Prove that if $n\in\mathbb{N}$ and $n \geq 3$ then $n! + 3$ is composite.

Question

Prove that if $n\in\mathbb{N}$ and $n \geq 3$ then $n! + 3$ is composite.

I tried factoring it to show that there are two factors, thus composites but I can't figure out how to get rid of the constant in the equation.
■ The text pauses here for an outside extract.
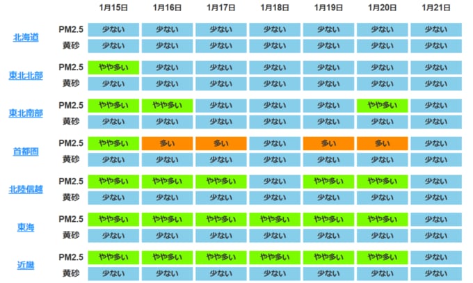 SPRINTARSによると20日頃にかけて日本列島でPM2.5もやや多い、多いところがある予想です。目・鼻・皮膚などにアレルギーがある人や喘息など呼吸器に疾患がある人は体調管理に十分注意してください。また、2月になると、だんだんと花粉飛来のシーズンも始まります。早めの対策をしてお過ごしください。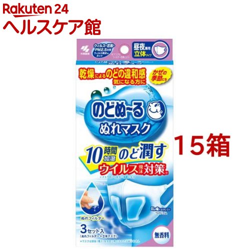 お店TOP>衛生医療>マスク>保湿マスク・アロママスク>ぬれマスク・保湿マスク>のどぬ〜る ぬれマスク 昼夜兼用 立体タイプ 無香料 (3セット入*15箱セット)お一人様20セットまで。【のどぬ〜る ぬれマスク 昼夜兼用 立体タイプ 無香料の商品詳細】●スチーム効果で約10時間※1のどをうるおし続けます。●フィルター中の水分が呼吸によって蒸気となりのどをうるおします。●たっぷりの水分で、朝までうるおいが持続します。※1使用環境によって持続時間は異なります。●高密度のフィルター機能で、空気中のウイルス飛沫・花粉をカットします。・ウイルス飛沫ろ過効率試験:VFE試験・バクテリア飛沫ろ過効率試験:BFE試験・花粉捕集効率試験・微粒子捕集効率試験:PFE試験●会話がしやすい立体マスクと特殊形状ぬれフィルター●マスク:口元がゆったりした立体マスクを採用しています。●ぬれフィルター:呼吸を妨げないように、左右にぬれフィルターを分けています。●繊維が細く、やわらかい不織布を採用しているので気持ちいい肌触りです。●ソフトなワイドゴムで耳への負担を和らげます。・オフィス・学校で・電車で・家の中で・乾燥によるのどの違和感 気になる方に・かぜの季節にも・10時間加湿・のど潤す・ウイルス飛沫対策※※マスクのフィルター効果により・耳が痛くなりにくいワイドゴム・無香料・加湿マスク※マスクは感染(侵入)を完全に防ぐものではありません【使用方法】1.マスク上部の入り口から左右ひとつずつフィルターをセットする 。※点線のある方が下 2.鼻からあごまでを覆うようにマスクを装着する。【のどぬ〜る ぬれマスク 昼夜兼用 立体タイプ 無香料の原材料】本体:ポリプロピレン耳ゴム:ポリエステル、ポリウレタンぬれフィルター:パルプレーヨン、ポリエチレン、ポリプロピレン箱:紙内袋:ポリプロピレンフィルター袋:アルミ、ポリプロピレン【成分】ぬれフィルター:パラベン、ヨウ素化合物配合【規格概要】マスクサイズ:(約)縦13.5cm*横11.5cm※折りたたみ時【注意事項】・衛生上および機能上、マスクとぬれフィルターの使用は1回限りとし、再使用しない。・ぬれフィルターは使用直前に開封する。・乳幼児や呼吸器に異常のある方には使用しない。・肌に傷、はれもの、湿しんなど異常がある場合は使用しない。・使用中や使用後に赤み、はれ、かゆみ、刺激などの異常があらわれた場合は使用を中止する。・有毒な粉塵・ガス等を防ぐ目的では使用しない。・マスクのニオイで気分が悪くなったり、息苦しくなった場合は使用を中止する。・乳幼児、認知症の方の手の届かないところに保管する。・自らの意思により本品を着脱することができない方は使用しない。【原産国】マスク:中国/ぬれフィルター:日本【ブランド】のどぬ〜る(のどぬーる)【発売元、製造元、輸入元又は販売元】小林製薬※説明文は単品の内容です。商品に関するお電話でのお問合せは、下記までお願いいたします。受付時間9:00-17:00(土・日・祝日を除く)健康食品・サプリメント:0120-5884-02歯とお口のケア:0120-5884-05衛生雑貨用品・スキンケア・ヘアケア:0120-5884-06芳香・消臭剤・水洗トイレのお掃除用品:0120-5884-07台所のお掃除用品・日用雑貨・脱臭剤:0120-5884-08リニューアルに伴い、パッケージ・内容等予告なく変更する場合がございます。予めご了承ください。・単品JAN:4987072058671小林製薬541-0045 大阪府大阪市中央区道修町4-4-10※お問合せ番号は商品詳細参照広告文責:楽天グループ株式会社電話:050-5577-5042[マスク/ブランド:のどぬ〜る(のどぬーる)/]

Any suggestions for how I could approach this?

Answer 1

Hint

Prove that $3$ divides $n!+3$.

Answer 2

If $3\leq n$ then $n! = 1·2·3·\ldots ·n = 3(1·2·4·\ldots ·n)$ so $n! + 3 = 3(1·2·4·\ldots ·n) + 3 = 3(1+1·2·4·\ldots ·n)$ so $n!+3$ is divisible by $3$.

Answer 3

$$n!=1 \cdot 2 \cdot 3 \cdots n$$

$$n!+3=1 \cdot 2 \cdot 3 \cdots n+3=3(1 \cdot 2 \cdot 4 \cdots n+1)$$

We see that $3 \mid n!+3 \Rightarrow n!+3=3k, k \in \mathbb{Z}$

$n \geq 3 \Rightarrow n! \geq 6 \Rightarrow n!+3 \geq 9, \text{ that implies that } k \geq 3.$

So, $n!+3$ is composite.